Glue code is a type of code block that acts as a connector between various software or libraries/packages. From an ML perspective, the glue code is used to connect models, ETL pipelines, and other parts of a system. Even though it looks useful for ML systems, it results in a massive amount of supporting codes and that can lock the system because of the dependencies of the used package. Using those generic packages also can prevent us from improvements because it makes it harder for us to make small modifications without considering the package’s limits. One useful solution is wrapping black-box packages into API in a way that we can reuse the same functions and configure them for our limited needs.

A mature system might end up being (at most) 5% machine learning code and (at least) 95% glue code, it may be less costly to create a clean native solution rather than re-use a generic package.

Pipeline Jungles

Developing systems as pipelines is beneficial for deployment from end to end. Pipeline jungles usually appear in ETL pipelines and data preparation. Testing those pipelines requires expensive end-to-end integration tests. These jungles can be handled by considering data gathering and feature engineering steps as joint firstly. And then the jungle pipeline should be investigated and redesigned from the ground. That approach has another engineering cost but when the long-term hidden cost is taken into account, it is worth investing.

Dead Experimental Codepaths

You know, we all are developers and love to experience different approaches or we want to test while coding. The dead experimental codepaths occur right here when we want to perform alternative methods in the short term. Sometimes that experiments leave lines of experimental codes in the main production code. For a highly dependent ML system, it becomes costly to make changes in the infrastructure.

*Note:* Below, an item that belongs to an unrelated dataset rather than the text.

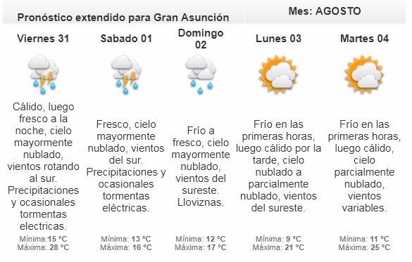 La Dirección de Meteorología pronostica que esta jornada se presentará cálida a calurosa. Los vientos soplarán del sector norte.

There is an example in the paper, I have searched for it for you guys;

Two significant technological errors committed by Knight Capital contributed to the trading incident on August 1, 2012. In 2005, Knight Capital relocated a portion of computer code in an automated equity router to an earlier position in the coding sequence, breaking the router’s functionality. Knight left this function in the router even though it wasn’t intended to be utilized. Due to this, some NYSE-eligible orders caused Knight Capital’s router to malfunction, making it impossible for the router to determine whether an order had been filled. When trying to fill just 212 customer orders on August 1 during the first 45 minutes of the market’s opening, Knight Capital’s router quickly sent more than 4 million orders into the market, and eventually suffered a loss of more than US$460 million.

To handle that issue, it is useful to reinvestigate each part of the code especially experimental branches to find which parts can cause workload and those parts can be abandoned.

Abstraction Debt

The above issues highlight the fact that there is a distinct lack of strong abstractions to support ML systems.

In the paper, it is stated that nothing in the machine learning literature comes close to the success of the relational database as a basic abstraction.

Common Smells

Messy or unclean coding has been referred to as having a “smell” which indicates that there is some of the code that has to be cleaned up for the future. There are a couple of smell types classified by the authors of the paper;

  • Plain-Old-Data Smell: A ML system should be aware of the types and features of its input and output variables.

  • Multiple-Language Smell: Usually particular steps in an ML pipeline may have different languages or syntaxes. That situation often results in an additional cost for maintaining and testing the system.

  • Prototype Smell: Prototypes are beneficial for system testing. The prototyping environment has its own cost when it comes to maintaining it but the crucial mistake is using that environment as production under time pressure.

Configuration Debt

Configuration Debt

ML systems come with lots of configurable parameters such as learning parameters, how many features should be selected in the feature engineering part or how the data will be transformed etc. In the paper, it is stated that the authors observed that both researchers and engineers may treat configuration as a post-process. The number of configurations can be unexpectedly high when it comes to verification and each of them has its own potential failure, which means cost, loss of time, waste of computing resources also most importantly, in my opinion, production issues.

The authors proposed a couple of principles for a good configuration system;

  • It should be easy to specify a configuration as a small change from a previous configuration.

  • It should be hard to make manual errors, omissions, or oversights.

  • It should be easy to see, visually, the difference in configuration between the two models.

  • It should be easy to automatically assert and verify basic facts about the configuration: the number of features used, the transitive closure of data dependencies, etc.

  • It should be possible to detect unused or redundant settings.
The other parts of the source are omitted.